======== SOURCE MATERIAL

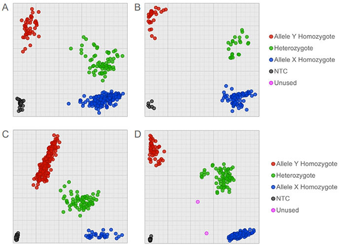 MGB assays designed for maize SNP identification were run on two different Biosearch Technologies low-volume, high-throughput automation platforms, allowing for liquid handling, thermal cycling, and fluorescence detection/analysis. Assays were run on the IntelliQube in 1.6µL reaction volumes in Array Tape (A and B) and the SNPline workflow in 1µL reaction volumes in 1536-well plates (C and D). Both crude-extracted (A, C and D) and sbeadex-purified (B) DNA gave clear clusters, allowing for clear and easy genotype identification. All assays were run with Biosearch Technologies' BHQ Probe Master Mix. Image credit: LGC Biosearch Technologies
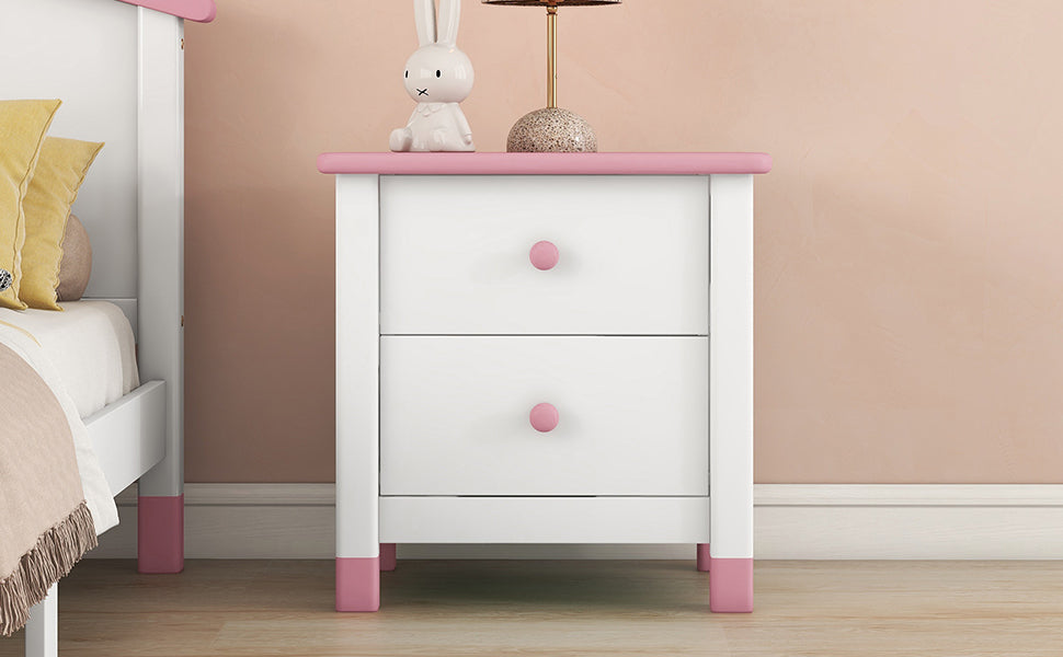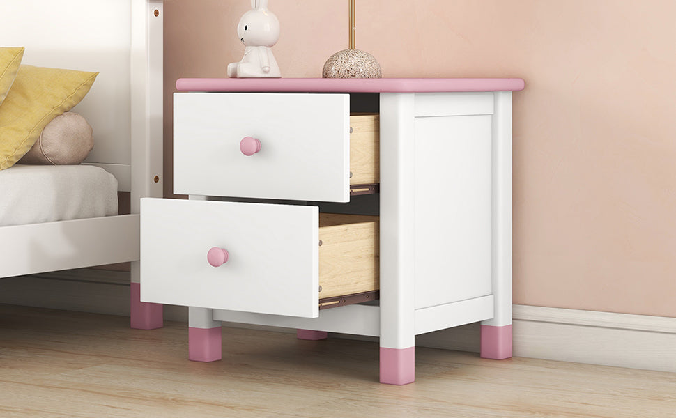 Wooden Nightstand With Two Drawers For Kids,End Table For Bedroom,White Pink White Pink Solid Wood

================
======== SOURCE MATERIAL

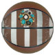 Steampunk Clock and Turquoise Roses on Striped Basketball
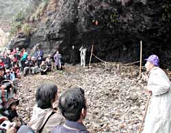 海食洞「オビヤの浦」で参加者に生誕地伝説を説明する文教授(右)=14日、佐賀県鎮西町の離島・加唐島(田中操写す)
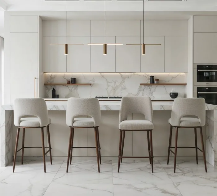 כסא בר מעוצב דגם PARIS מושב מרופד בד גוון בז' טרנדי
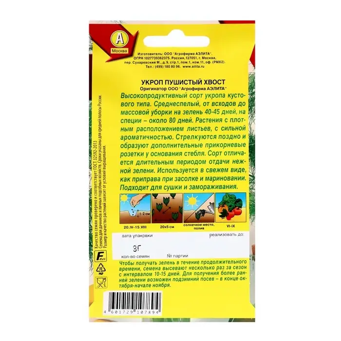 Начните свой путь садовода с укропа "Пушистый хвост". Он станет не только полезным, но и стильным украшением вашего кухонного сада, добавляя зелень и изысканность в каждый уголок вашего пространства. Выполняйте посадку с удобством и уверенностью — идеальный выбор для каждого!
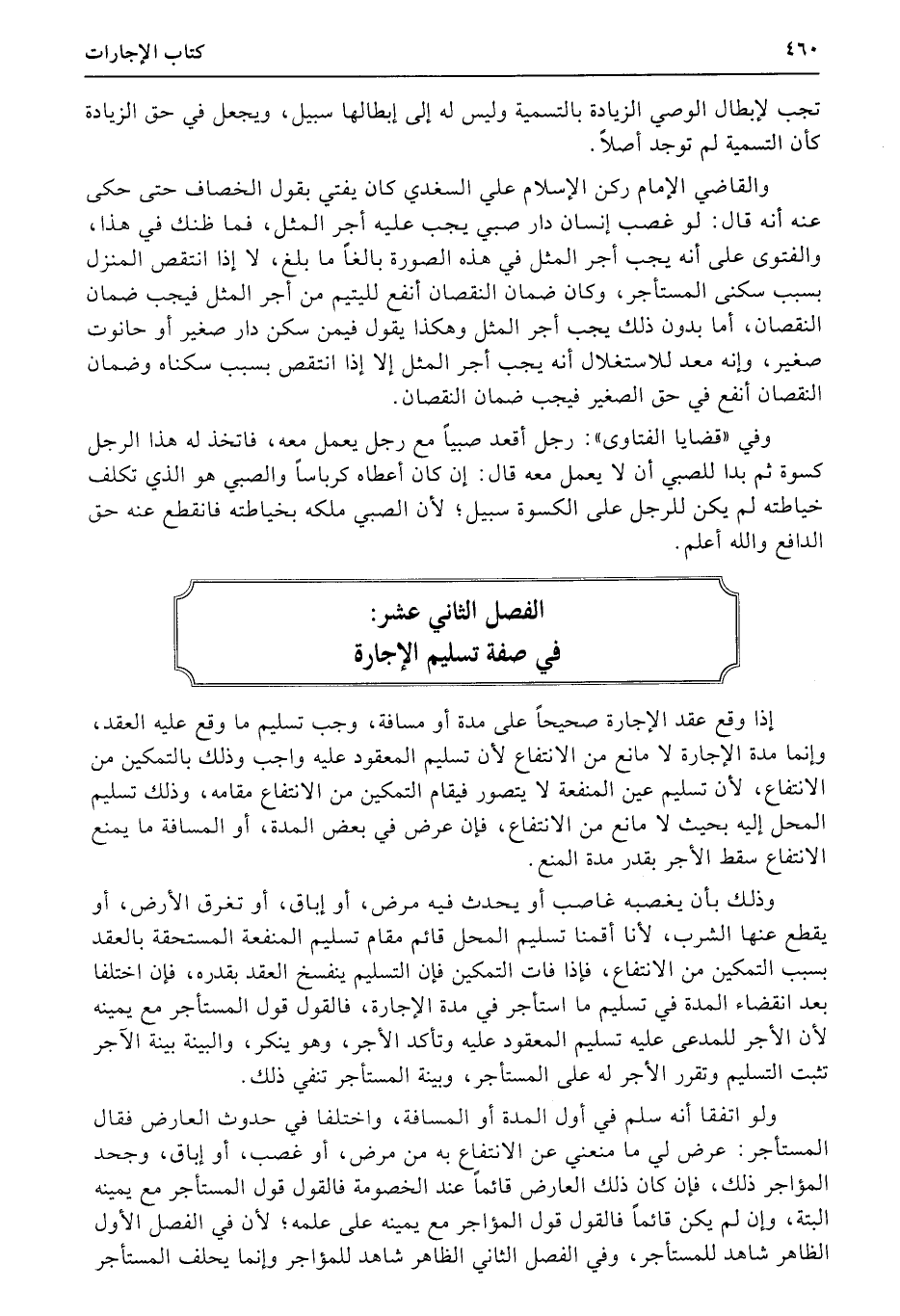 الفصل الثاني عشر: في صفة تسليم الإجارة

================

EXERCISE GOAL: Exact copy, pictures excluded: from the line with "כסא בר מעוצב" up to and including the line with "الفصل الثاني عشر: في صفة تسليم الإجارة" in the data above.

ANSWER SPACE:
 כסא בר מעוצב דגם PARIS מושב מרופד בד גוון בז' טרנדי
 Начните свой путь садовода с укропа "Пушистый хвост". Он станет не только полезным, но и стильным украшением вашего кухонного сада, добавляя зелень и изысканность в каждый уголок вашего пространства. Выполняйте посадку с удобством и уверенностью — идеальный выбор для каждого!
 الفصل الثاني عشر: في صفة تسليم الإجارة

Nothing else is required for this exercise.